Since when does a physical exam cost $ 300 to 600 bucks? I've never paid more than 200 since I started in Conference back in 1974. Every other year I had a physical, and after 60 I believe I had one every year as mandated, which is a damn good idea as we age. If an MD can't do an eye test by hanging the chart on the wall then you need a new doc for sure. I have been poked, prodded and cut on these last 6 months so often I do not need physical at his point, although I will anyway.
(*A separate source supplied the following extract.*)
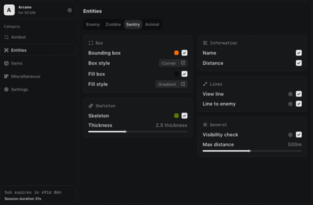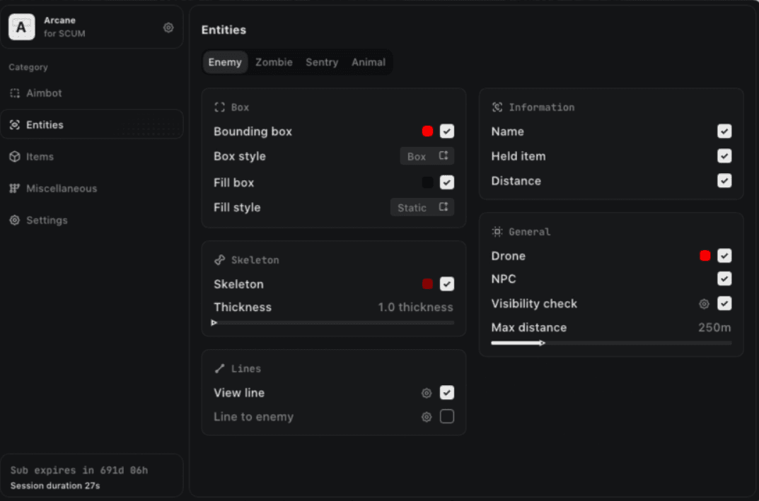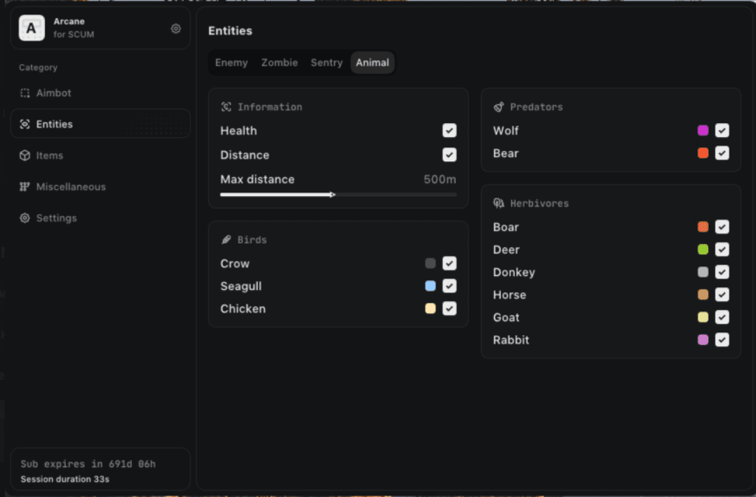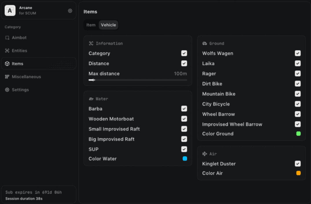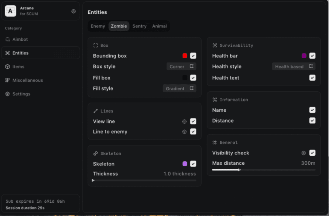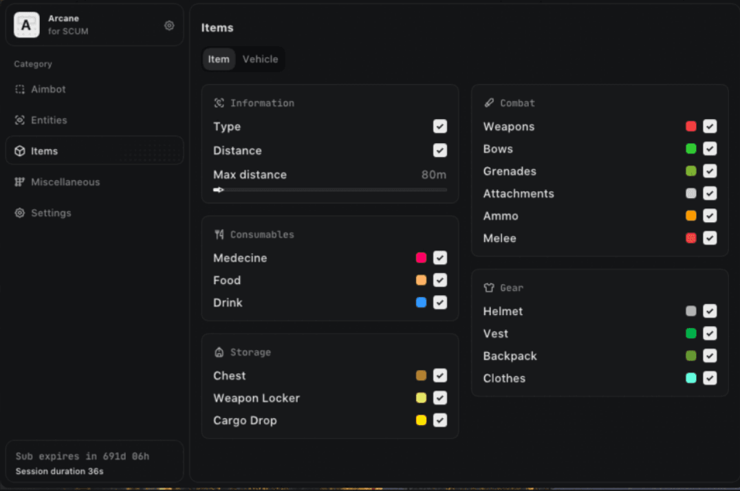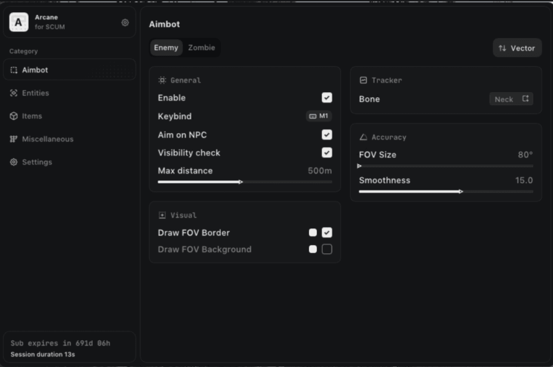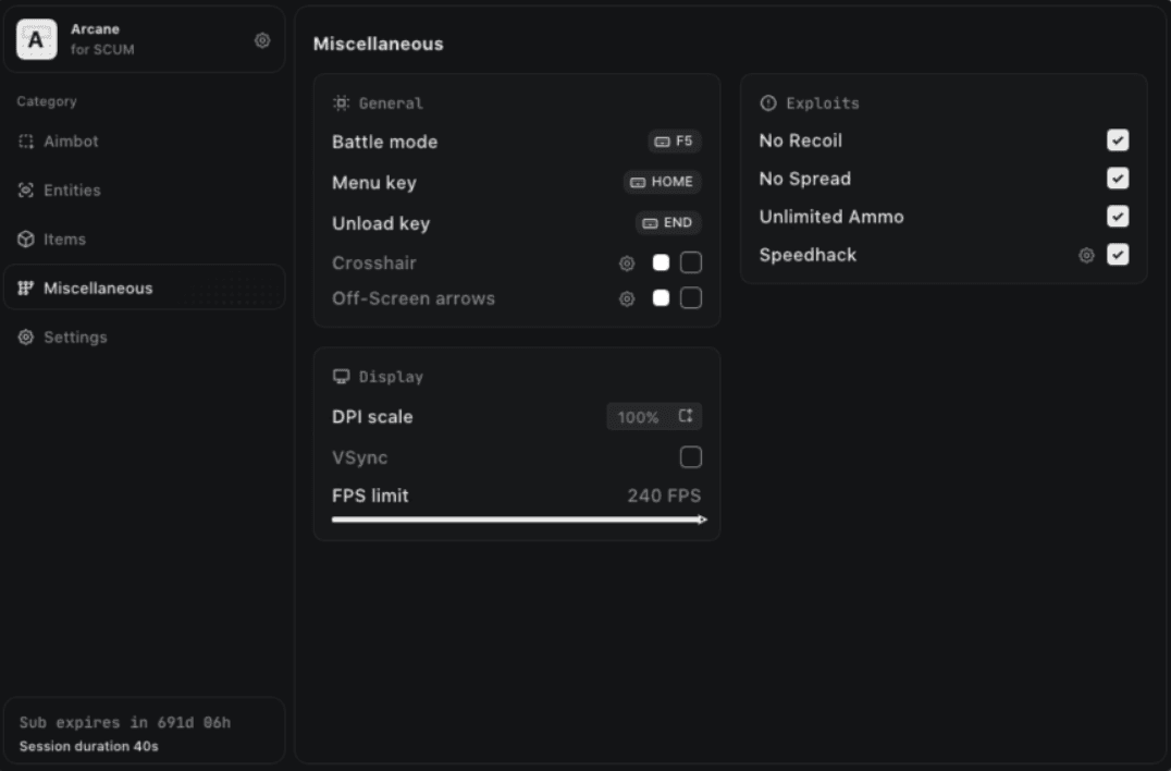 Scum Cheat Arcane is a private solution designed for control and awareness. It includes a smooth vector aimbot with prediction and recoil control, detailed ESP for players, NPCs, and animals, plus item and vehicle ESP for full map visibility. With added features like no recoil, no spread, and battle mode, it delivers a stable and efficient gameplay experience.

None of us are bullet proof and we all have issues we won't know about until examined, so I will follow decades of protocol and get it done.
 

rick_bostrom

Onda Kattan Racing
So the little red hen said "who will help me make bread?" The cow said " I would help but I get very tired if I have to work and it would probably damage my ability to enjoy the bread when it was done". The dog said " I would help but I am pretty sure I am allergic to bread until after it is cooked, sliced, and has jam on it". The goat said "I have so many goaty things to do all day that I cannot spare a moment for henny things with the exception of showing up to eat". The pig said " I like to think we all help in our own way and I have decided my way is to make highly opinionated and dramatic posts on breadmaking forums about the quality of the finished product and the shortcomings of those who volunteer to cook".
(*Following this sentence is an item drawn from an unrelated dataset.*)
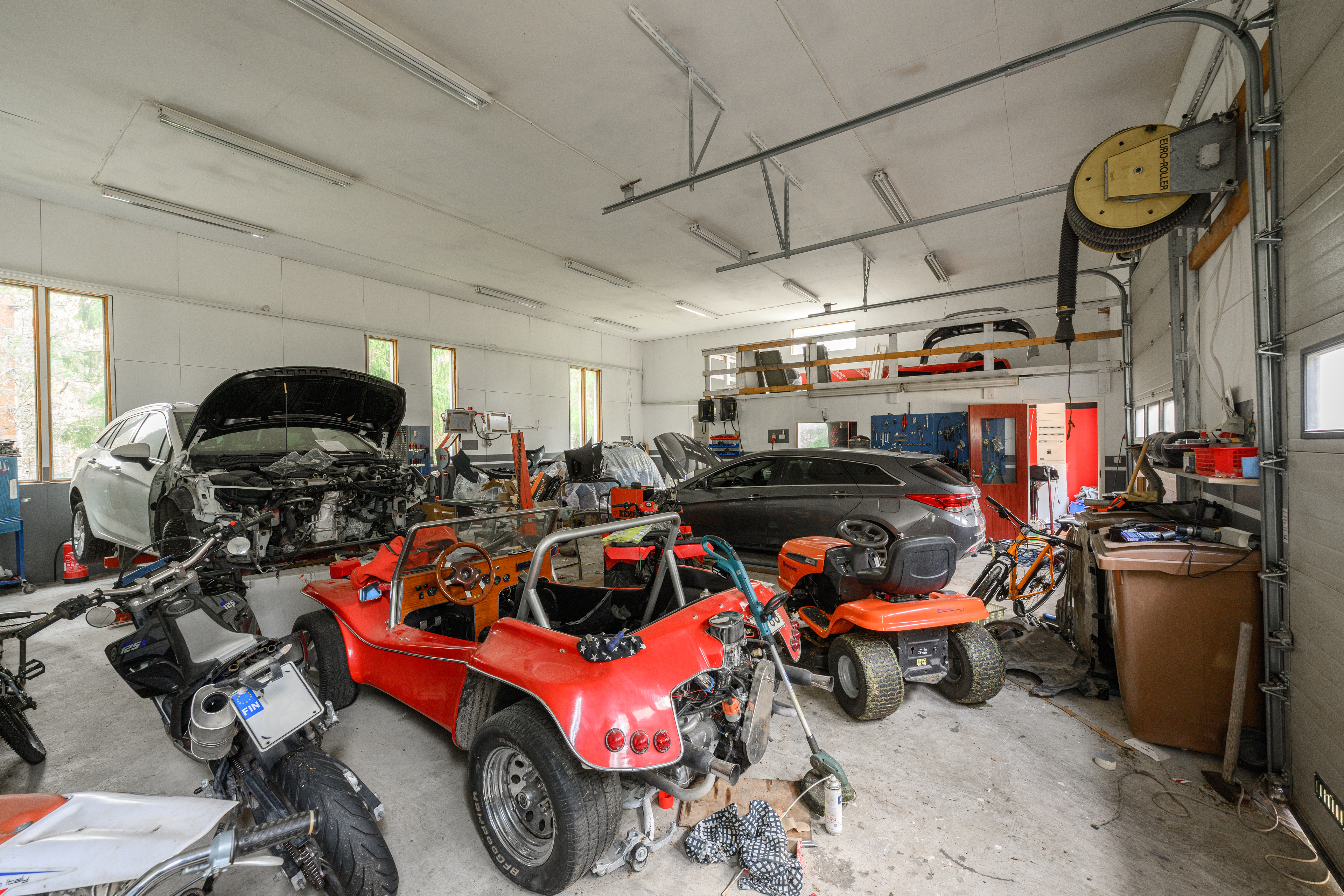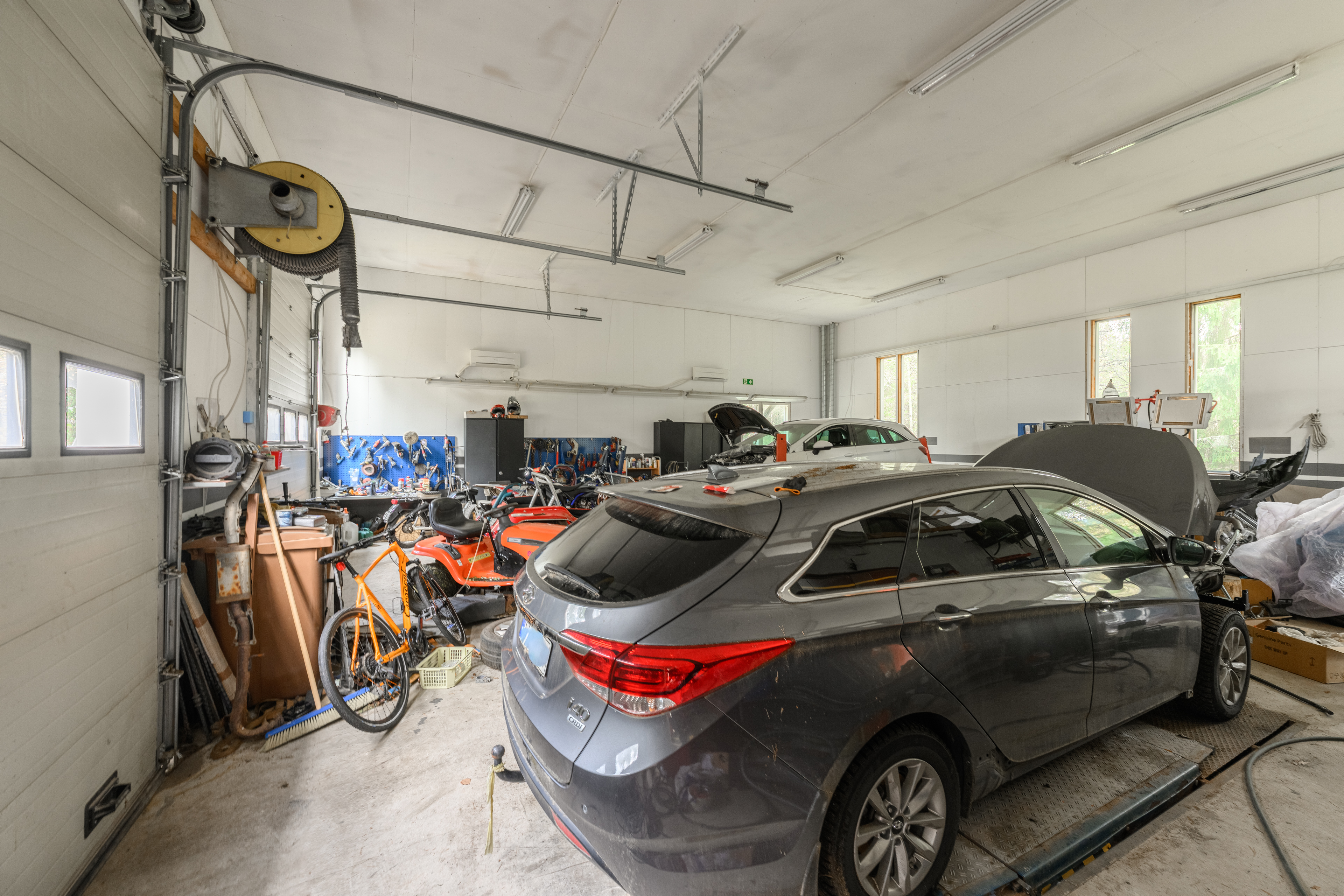 | Muut rakennukset | Autohalli rv 2002 kahdessa kerroksessa 300m2 lämmintä tilaa. Yläkerrassa vesikiertoinen lattialämmitys. 2 ilmalämpöpumppua. Yläkerrassa 2 lattiakaivoa jotka johtavat öljynerotuskaivoon. Toimistotiloissa löytyy valmiit vedot viemärille sekä vedelle. Yläkertaan on tehty tupla kipsi+kivilevyseinät eli pystyy hitsaamaan. Alakerta on ns. kylmäätilaa, mutta pysyy talvella plussalla. Alakerrasta löytyy öljykattila joka lämmittää hallin ja kiinteistön 35 kW. Öljysäiliöt ovat 1500L+1500L mutta käytös vain toinen säiliö. Ylä ja ala- kerrasta löytyy autonosturit eli sopii hyvin harrastekäyttöön. Kompressori löytyy myös ja näistä edellä mainituista voidaan neuvotella erikseen. |

Oddly enough, when they appeared at the table for dinner there was neither bread nor red hen to be found and they felt puzzled and annoyed that their expectations had been so rudely disregarded ......
 

westipton

Well-known member
So the little red hen said "who will help me make bread?" The cow said " I would help but I get very tired if I have to work and it would probably damage my ability to enjoy the bread when it was done". The dog said " I would help but I am pretty sure I am allergic to bread until after it is cooked, sliced, and has jam on it". The goat said "I have so many goaty things to do all day that I cannot spare a moment for henny things with the exception of showing up to eat". The pig said " I like to think we all help in our own way and I have decided my way is to make highly opinionated and dramatic posts on breadmaking forums about the quality of the finished product and the shortcomings of those who volunteer to cook".

Oddly enough, when they appeared at the table for dinner there was neither bread nor red hen to be found and they felt puzzled and annoyed that their expectations had been so rudely disregarded ......
I have absolutely no idea what your post means, or whom it was directed to, although it appears to be in response to my very logical and polite post above, but my confusion over your frequent obtuse posts is not really unusual! I do like the "highly opinionated and dramatic bread making reference, whatever that means.
 

Gustav129

Member
I will say my physical last year in March only cost me $18 after insurance. I just made an appointment at the local Rockwood clinic. I was lucky I got it in before the week before Covid thing happened. I'm good for a few years for ICSCC, but I'll have to get one for SCCA next year.

But I wanted to point out that in the SCCA GCR, It still lists ICSCC Area License as a comparable license to the SCCA Comp License. Must be from the old license system. Maybe that should be updated if the only difference is no medical. My personal opinion is does a driver really want to close doors to opportunities at driving?
 

bob_mearns

Well-known member
I have absolutely no idea what your post means, or whom it was directed to, although it appears to be in response to my very logical and polite post above, but my confusion over your frequent obtuse posts is not really unusual! I do like the "highly opinionated and dramatic bread making reference, whatever that means.
I have 100% confidence that it was not directed at you Wes.